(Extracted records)
**********

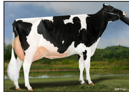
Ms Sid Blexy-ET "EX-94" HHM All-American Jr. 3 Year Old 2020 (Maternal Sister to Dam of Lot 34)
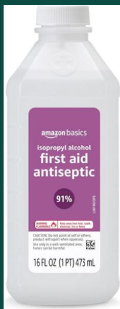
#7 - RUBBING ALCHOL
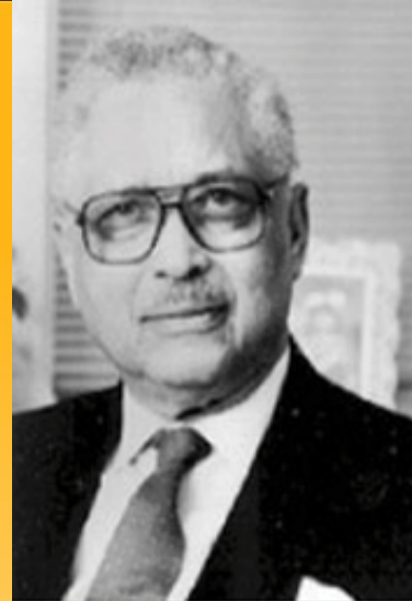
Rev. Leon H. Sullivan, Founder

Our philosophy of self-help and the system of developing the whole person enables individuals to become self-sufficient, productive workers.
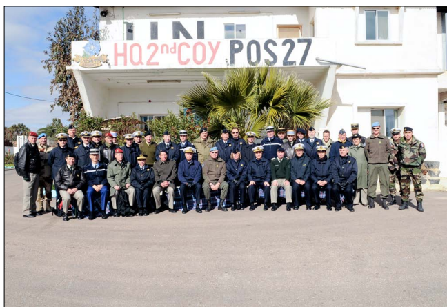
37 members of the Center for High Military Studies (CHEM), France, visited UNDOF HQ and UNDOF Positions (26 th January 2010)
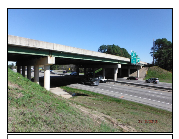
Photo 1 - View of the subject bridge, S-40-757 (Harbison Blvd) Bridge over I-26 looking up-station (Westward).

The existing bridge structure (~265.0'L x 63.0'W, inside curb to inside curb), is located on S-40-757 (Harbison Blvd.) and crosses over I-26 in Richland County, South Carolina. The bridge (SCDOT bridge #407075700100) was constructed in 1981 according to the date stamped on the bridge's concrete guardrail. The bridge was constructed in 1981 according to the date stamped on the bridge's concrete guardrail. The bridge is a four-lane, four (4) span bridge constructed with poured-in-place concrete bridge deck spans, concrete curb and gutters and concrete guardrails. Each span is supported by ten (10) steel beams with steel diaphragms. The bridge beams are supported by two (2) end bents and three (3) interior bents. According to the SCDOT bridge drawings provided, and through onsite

**********

▶ [WORK REQUEST]
Please copy the lines above, starting at the one that holds "#7 - RUBBING ALCHOL" and stopping after the last line, exactly as they appear and minus the pictures.

▶ [SOLUTION TO THE PROBLEM]
#7 - RUBBING ALCHOL
Rev. Leon H. Sullivan, Founder

Our philosophy of self-help and the system of developing the whole person enables individuals to become self-sufficient, productive workers.
37 members of the Center for High Military Studies (CHEM), France, visited UNDOF HQ and UNDOF Positions (26 th January 2010)
Photo 1 - View of the subject bridge, S-40-757 (Harbison Blvd) Bridge over I-26 looking up-station (Westward).

The existing bridge structure (~265.0'L x 63.0'W, inside curb to inside curb), is located on S-40-757 (Harbison Blvd.) and crosses over I-26 in Richland County, South Carolina. The bridge (SCDOT bridge #407075700100) was constructed in 1981 according to the date stamped on the bridge's concrete guardrail. The bridge was constructed in 1981 according to the date stamped on the bridge's concrete guardrail. The bridge is a four-lane, four (4) span bridge constructed with poured-in-place concrete bridge deck spans, concrete curb and gutters and concrete guardrails. Each span is supported by ten (10) steel beams with steel diaphragms. The bridge beams are supported by two (2) end bents and three (3) interior bents. According to the SCDOT bridge drawings provided, and through onsite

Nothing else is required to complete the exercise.